Goldman Sachs divides AI-related investments into four main stages, believing that AI trading has now entered the second stage, where the company's profitability will gradually become the main driver of stock price increases. In the third stage, AI-driven revenue growth may be difficult to achieve in the short term, but platform stocks may stand out

In the global capital markets, AI is undoubtedly a rising star in recent years. However, as AI technology development enters different stages, market volatility becomes more apparent.

In the latest research report released on the 10th, Goldman Sachs divides AI-related investments into four main stages, representing different levels from infrastructure construction to productivity enhancement.
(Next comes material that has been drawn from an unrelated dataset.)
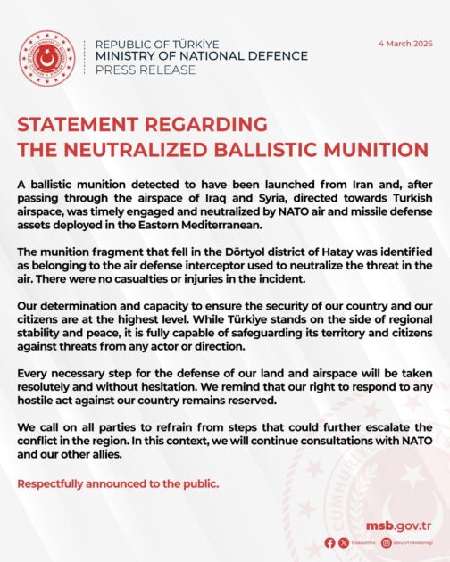 【イスタンブール共同】トルコ国防省は4日、イランが弾道ミサイルを発射しトルコ領空に飛来したが、東地中海に配備されていた北大西洋条約機構(NATO)の部隊に撃墜されたと発表した。

Goldman Sachs points out that AI trading has entered the second stage and is gradually shifting from relying solely on valuation growth to being driven by corporate profitability to boost market performance.

First and Second Stages: Infrastructure Companies Taking Over from Hardware Providers

Goldman Sachs believes that the first stage of AI trading is dominated by hardware providers, with NVIDIA being the leading company in this stage.

As the market matures and investors continue to have high confidence in AI construction, infrastructure companies are taking over, reaching the second stage.

Goldman Sachs emphasizes that the focus of the second stage is on the construction of AI infrastructure, including semiconductor companies, cloud service providers, data centers, device manufacturers, and utilities companies.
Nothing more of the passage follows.